According to Schunk, if this trend of community involvement continues he believes extra policing will not be necessary at future Deltopia weekends.
“I think even police officers resonated with that and it helped them show a little more restraint,” Schunk said. “I think over time we could see the level of necessary policing decrease more and more as we add in that structure that helps support the event.”
Schunk said to continue positive progress for a safer Deltopia, he hopes to see more focus on the student volunteer program University of California Isla Vista (UCIV), which helped facilitate Deltopia and the lawful conduction of festivities this past weekend.
“I think really the thing I would love to see targeted and expanded upon next year is the UCIV program. And the idea of student volunteers,” Schunk said. “The reception generally was incredibly favorable. Countless people came up to us and said, ‘Thank you so much for taking your time today to hand out water bottles.’ People were almost incredulous.”
Fourth-year economics and environmental studies double major Alex Foehr said he understands the need for police action during Deltopia and hopes the event will gradually return to a smaller party meant for I.V. locals.
“I think the intimidation from the sheer number of police this Deltopia was one of the only benefits of mass law enforcement,” Foehr said. “My 300 person party getting shut down at 3:00 p.m. at the time it seemed unnecessary, but it was for the general welfare and I understand that. I feel that next year’s Deltopia will be more local and back to normal like before the  riots because of this intimidating police presence.”
Foehr also said he believed the increased police presence had some disadvantages.

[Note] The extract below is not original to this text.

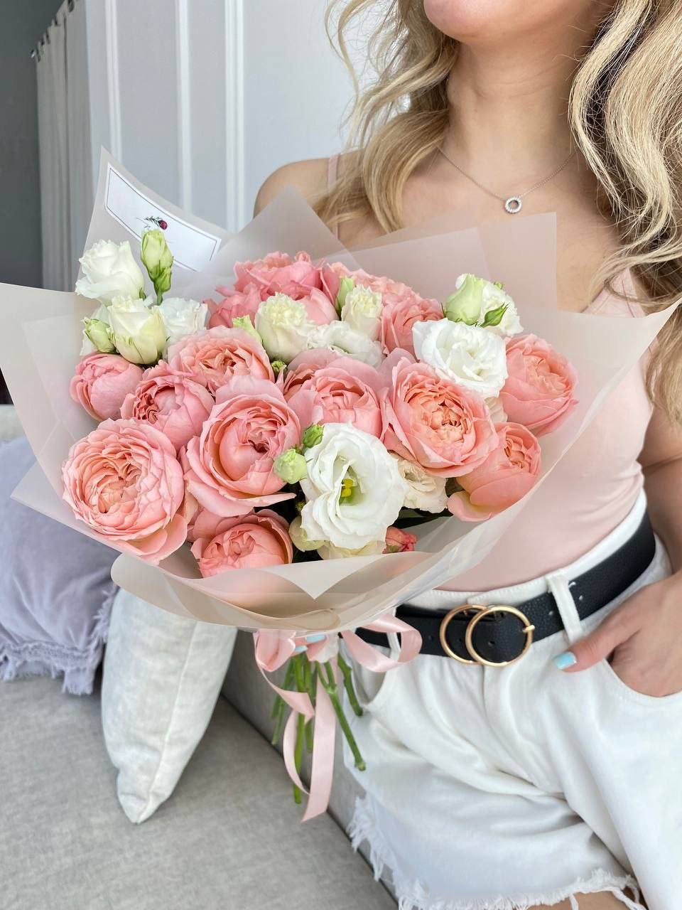 / Букет из кустовой пионовидной розы Джульетта и эустомы
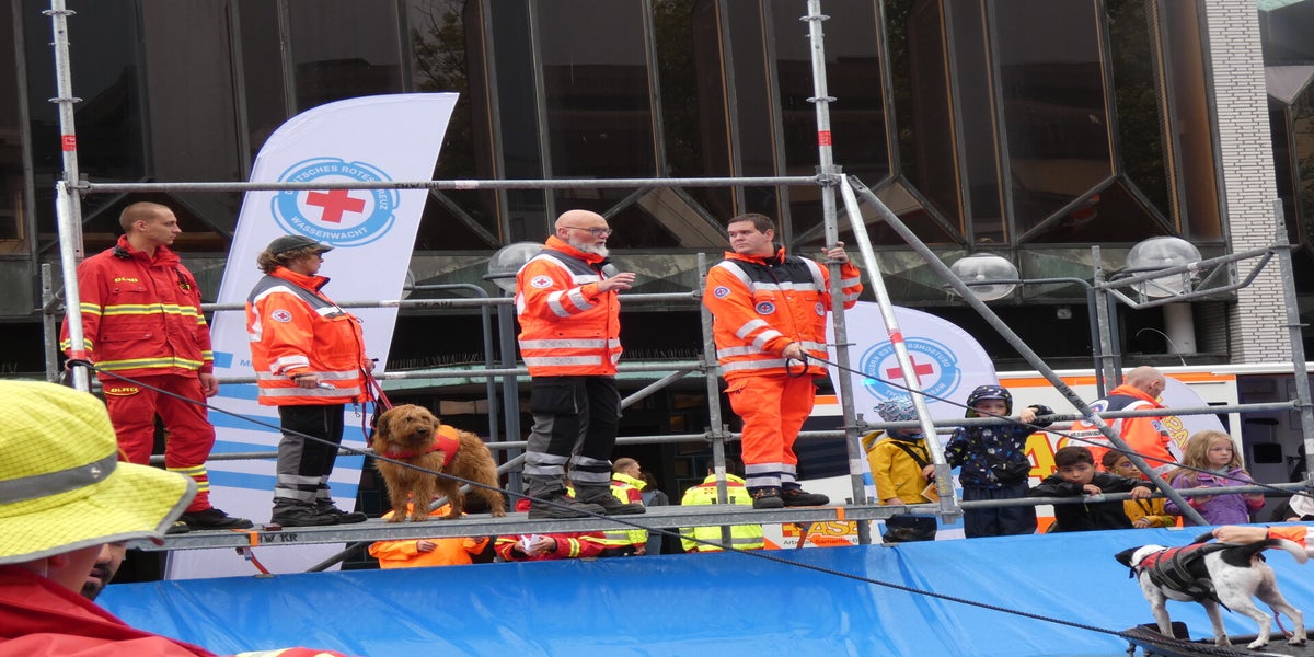 Am gestrigen Samstag (10.09.2022) fand der Katastrophenschutztag 2022 unter dem Thema „Alarm“ in Krefeld statt. Austragungsort war der Theaterplatz und der Von-der-Leyen Platz in der Krefelder Innenstadt. Von 10 Uhr bis 17 Uhr waren das Deutsche Rote Kreuz, die DRK Wasserwacht, die Rettungshundestaffel des DRK, die Malteser, die Johanniter, der ASB, die Feuerwehr Krefeld, das THW, die DLRG, das Bundesamt für Bevölkerungsschutz und der Deutsche Wetterdienst auf den Plätzen mit Fahrzeugen und Informationsständen vertreten. Neben einer Fahrzeugausstellung konnte man gleich zweimal die gemeinschaftliche Übung aller Einheiten auf dem Theaterplatz bewundern. Übungsszenario war ein Verkehrsunfall zwischen einem Pkw, einem Lkw und einem Fahrradfahrer. Von der Bühne auf dem Von-der-Leyen Platz aus richtete der Oberbürgermeister Frank Meyer und die Staatssekretärin des NRW Innenministeriums einige Worte an die Hilfsorganisationen und an die Besucher. Des Weiteren hat sich die Rettungshundestaffel des DRK auf der Übungsfläche auf dem Theaterplatz präsentiert und gezeigt. Besonders gefreut hat sich die DRK Wasserwacht und die DLRG, denn ihre neuen Einsatzboote wurden auf dem Von-der-Leyen Platz von Oberbürgermeister Frank Meyer getauft. Weitergehend folgten zwei Showacts auf der Bühne vor dem Rathaus auf dem Von-der-Leyen Platz. Ein weiteres Highlight folgte gegen Mittag, der Innenminister des Landes Nordrhein-Westfalen Herbert Reul besuchte den Katastrophenschutztag und stattete jeder Organisation an ihren Ständen ein Besuch ab und kam mit den Kameraden ins Gespräch. Trotz des durchwachsenen Wetters kamen zahlreiche Besucher zum Katastrophenschutztag 2022 in Krefeld.

“However, I think there were many disadvantages to this presence. … Festival ordinances, for example, infringe upon some of what I believe to be my fundamental rights to private property,” Foehr said. “Also, it’s a waste of public resources to have so many cops here, just because of irresponsible college kids.”
Alumnus Nehanda Wells attended Deltopia this past weekend and said she also experienced a run-in with the police, but the incident did not change her opinion on the positive aspects of additional policing.
“Outside BevMo! … a cop banged on my window and asked to see my ID. I’ve never had that happen before. It was intimidating because I wasn’t doing anything wrong,” Wells said. “I’m not saying that it was a bad thing. I just think that was reaching too far. But as far as having more police here for the weekend, it obviously worked because things were much calmer this year than last year.”